Il n’est pas vrai que les lycéens antillais titulaires d’un bac avec mention sont refusés par les écoles préparatoires parce qu’ils sont d'origine modeste.

Il n’est pas vrai que les lycéens antillais titulaires d’un bac avec mention sont refusés par les grandes écoles puisqu’ils y sont admis par concours après la prépa.

Il n’est pas vrai que les lycéens antillais titulaires d’un baccalauréat avec mention sont refusés par les bonnes écoles qui recrutent après le bac.

Il n’est pas vrai d’affirmer que la notion d’égalité des chances pour les Antillais est utopique et mensongère.

Il n’est pas juste, pour les jeunes déjà formés et diplômés, de titrer que le Président de la Région veut former une élite martiniquaise capable de prendre en main l’avenir du pays !

Une fois de plus, la démagogie vient polluer l’analyse objective de l’état de notre société. Une fois de plus, le principe de l’endoctrinement des masses bafoue la vérité que Trotsky pourtant affirmait être le garant de la vertu révolutionnaire prônée par la gauche.

A lire l’Express du 23 au 31 janvier 2007, examinant les conditions d’accès et le palmarès des meilleures prépas et écoles de France, « les filières d’excellence ne sont plus réservées à une élite. Tous les bons élèves peuvent y accéder… Pas d’hypocrisie cependant, les grandes écoles (Centrale, Polytechnique, HEC, Essec, Pont et chaussées ou Normale) recrutent toujours parmi les mêmes prépas, plus souvent situées dans le Ve arrondissement parisiens que dans les cités de banlieue… »).

Ce ne sont donc pas les lycéens antillais de condition modeste qui ont du mal à accéder aux grandes écoles mais tous les lycéens français.

L’Egalité des chances, qui n’est ni utopique ni mensongère, ne peut se faire que par la démocratisation et la multiplication, dans de nombreux lycées de France et d’outre-mer, de classes préparatoires d’excellent niveau.

Il me semble plutôt qu’il faille examiner le dispositif d’aide aux étudiants antillais tels que le prévoient actuellement les collectivités territoriales et le système bancaire pour décider s’il est insuffisant et s’il faut le compléter par des aides complémentaires.

Les bourses scolaires sous condition de ressources parentales, le prêt d’honneur à taux zéro, le prêt bancaire, remboursable quatre ans après son octroi, ne suffisent-ils pas à assurer la prise ne charge des études de nos jeunes ? La prise en charge du billet d’avion par le passeport mobilité est-il suffisant pour assurer la continuité territoriale ?

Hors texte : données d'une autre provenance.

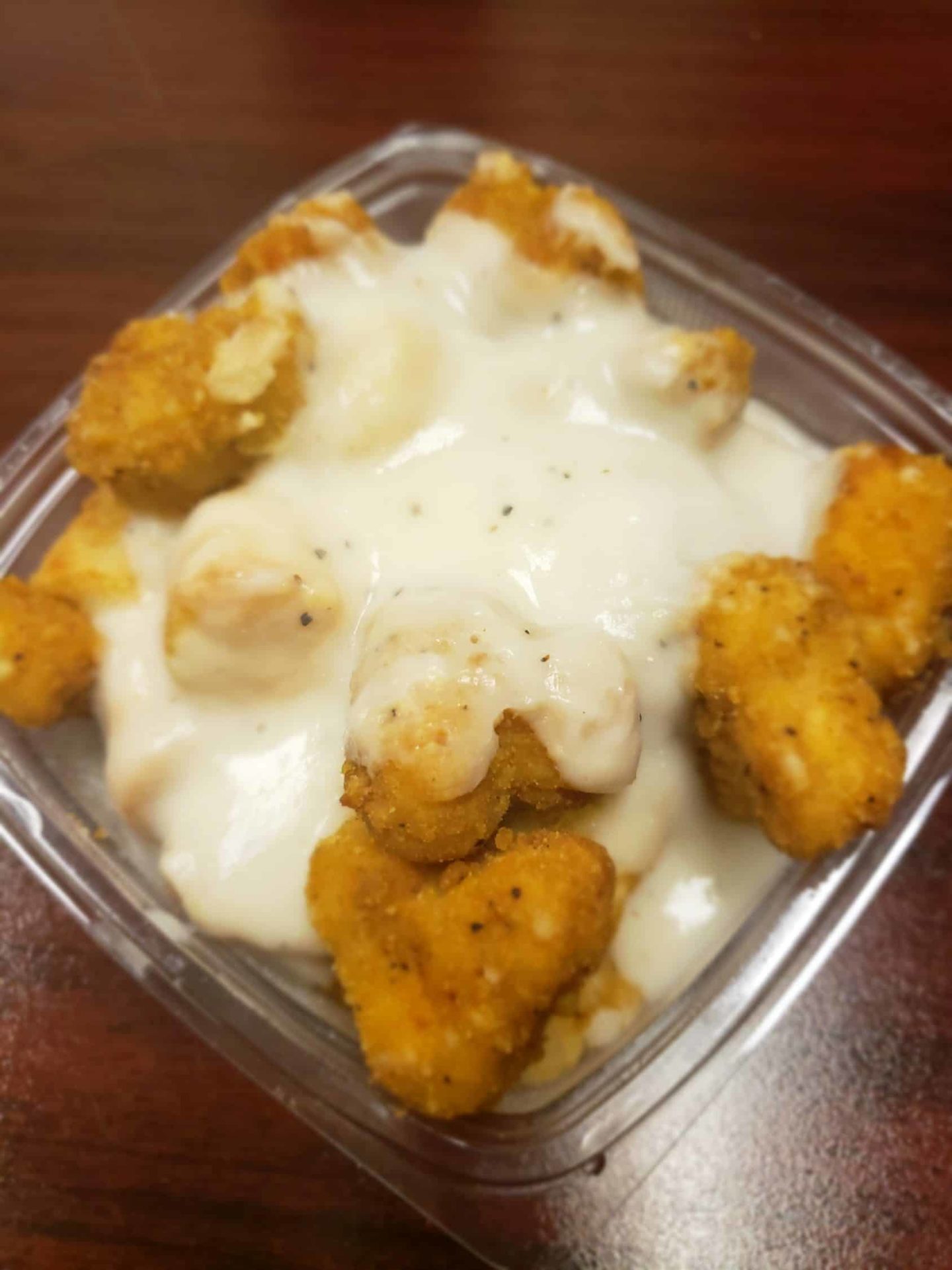 At time of service, place 2 and 2/3 oz (2.67 ounce) potato rounds in bowl (about 9 potato rounds).  Place 1 ounce scoop of eggs on top of potatoes (#30 scoop).  Then top with 5 chicken nuggets (3 oz).  Offer with 1/8 cup gravy.

Si ce n’est pas le cas, alors c’est ce dispositif qu’il faut améliorer et non prétendre vouloir enfin donner une chance aux étudiants défavorisés matériellement comme si rien n’avait été fait jusque-là.

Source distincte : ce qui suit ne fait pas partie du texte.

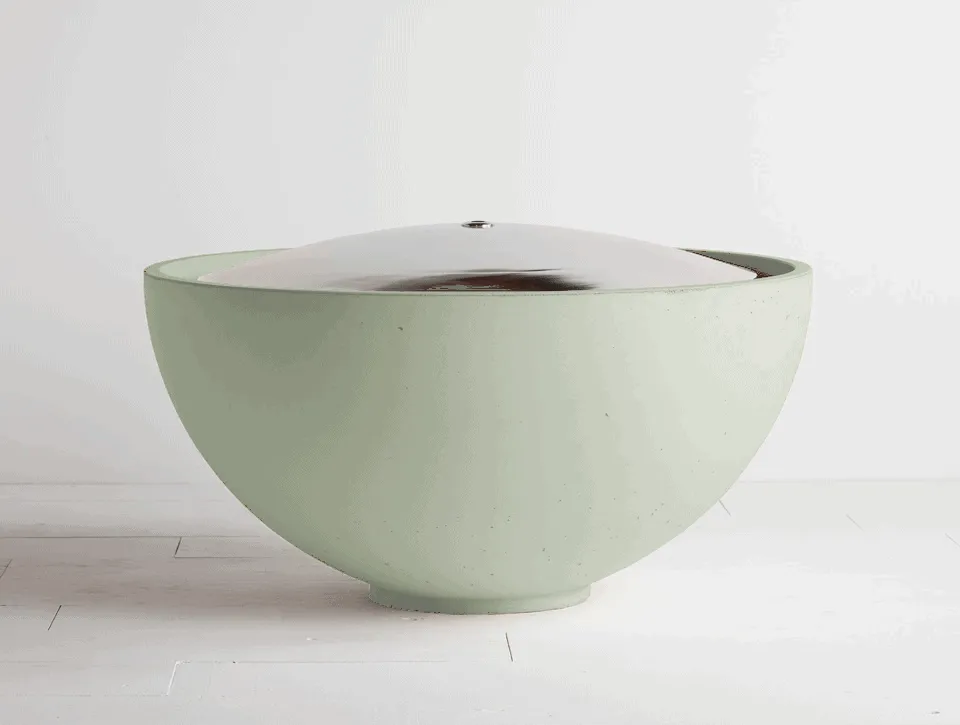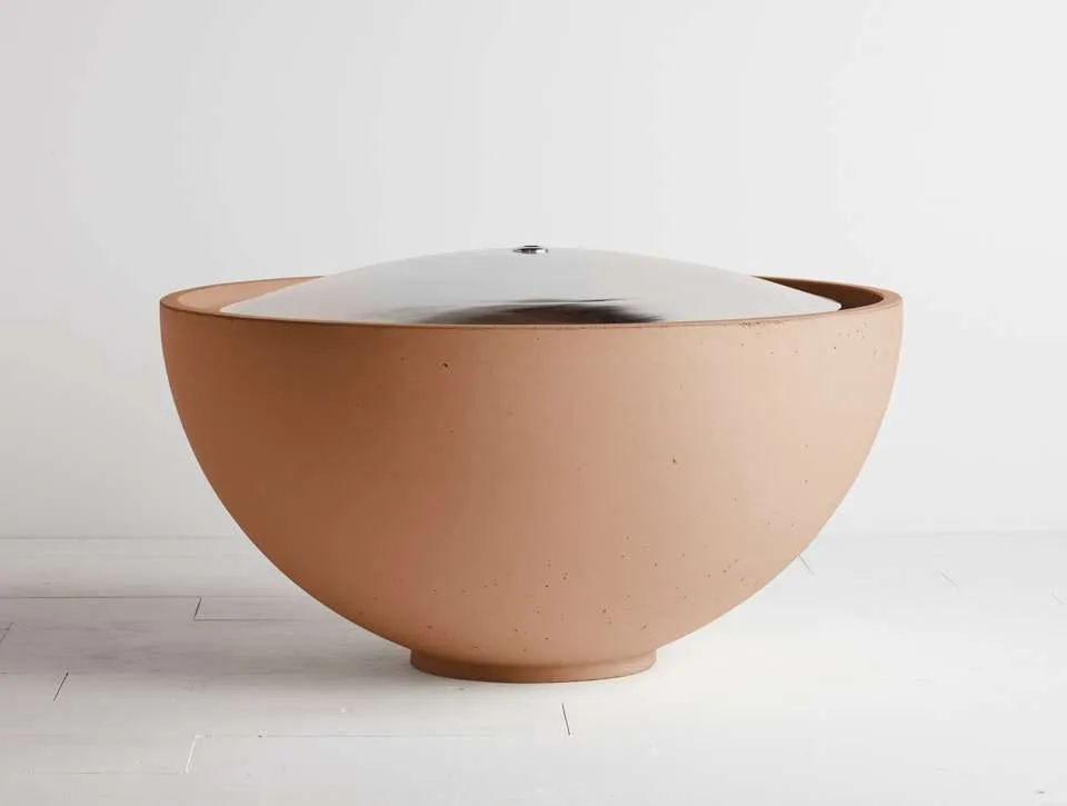 Combining polished metal with handcast concrete these domed water bowls add beauty and tranquility to indoor and outdoor environments.

Mais puisque l’on parle ici des étudiants « talentueux et intelligents », vraisemblablement bachelier avec mention, je prône, pour récompenser leur travail, la création d’une bourse de mérite sans condition de ressource parentale, car c’est l’étudiant face à sa responsabilisation personnelle et citoyenne qui doit être salué et encouragé dans les choix moraux et exemplaires qu’il a consentis.

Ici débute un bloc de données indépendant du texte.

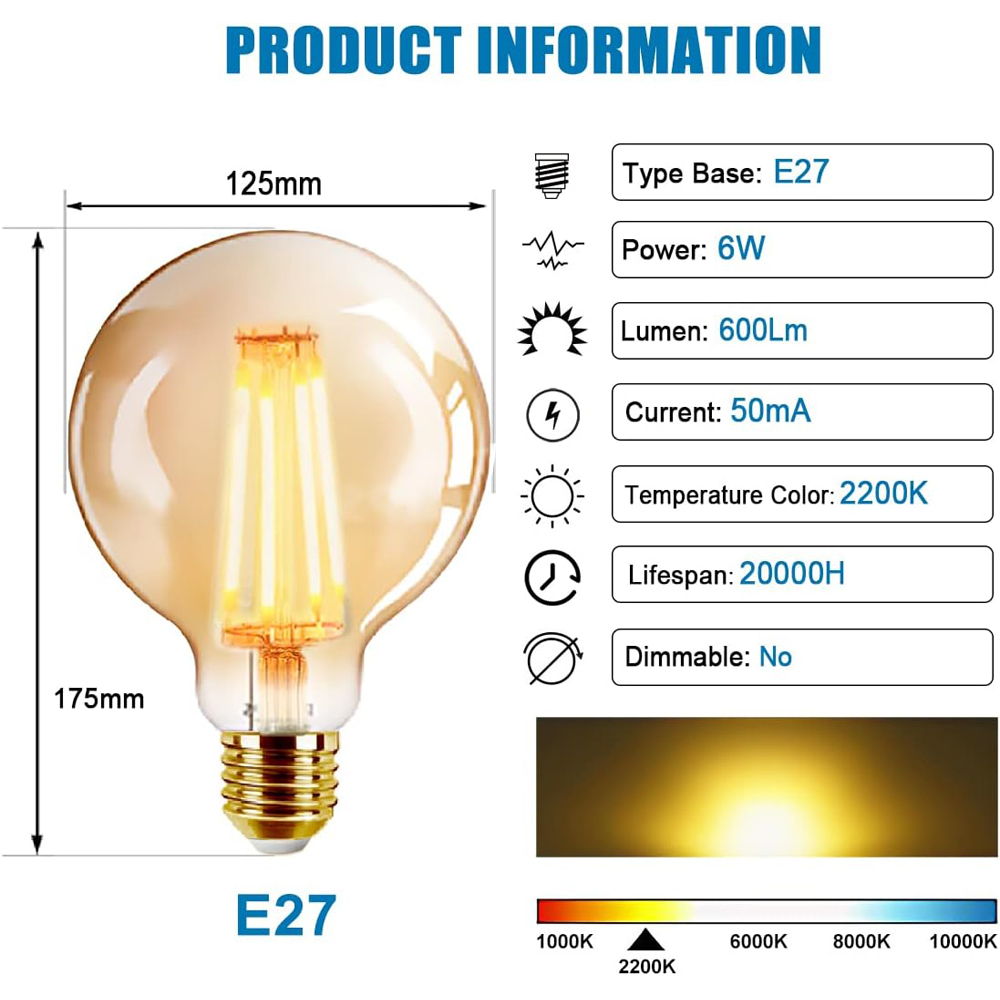 Extrastar 6W LED Ornamental Ball Bulb with an E27 fitting offers a warm amber glow (2200K), perfect for creating a cosy and vintage-inspired atmosphere. Featuring a stylish G125 globe design, this decorative bulb adds an elegant touch to pendant lights, table lamps, and open fixtures. The energy-efficient LED technology provides soft, flicker-free illumination while consuming less power than traditional incandescent bulbs. With a long lifespan and instant full brightness, it’s an ideal choice for homes, restaurants, cafés, and boutique spaces. Upgrade your decor with the Extrastar 6W LED Ball Bulb for a warm and inviting ambience.

Enfin, je répondrai à ceux qui, à l’évidence mal informés, prétendent que le Président de la Région veut former une élite martiniquaise capable de prendre en main l’avenir de ce pays, qu’il n’est point besoin d’attendre cinq ans ;

que cette élite existe déjà, et qu’elle attend fiévreusement que ce pays fonctionne comme une démocratie politique, économique et sociale pour y revenir exercer ses talents.

Je renvoie donc ceux qui ignorent où en sont les jeunes Martiniquais à interroger les organisateurs de la bourse Alizée pour savoir ce que sont devenus les jeunes bacheliers qui se sont distingués par leur travail et leur mérite, et le CASODOM, à Paris, qui lors de l’organisation de la première édition des Talents de l’outre-mer a reçu 141 dossiers de jeunes plus brillants les uns les autres, qui ont soif de mettre leur compétences au service d’un pays qui ne méprisera plus les entreprises et les patrons.

Il est temps que ce pays cesse de faire passer les idéologies avant le principe de réalité qui exige, pour la survie de notre société, le développement économique ; lequel ne peut se réaliser sans la révocation définitive de la suspicion permanente du chef d’entreprise et l’aversion pour le monde du travail décrété capitaliste et absolument égoïste.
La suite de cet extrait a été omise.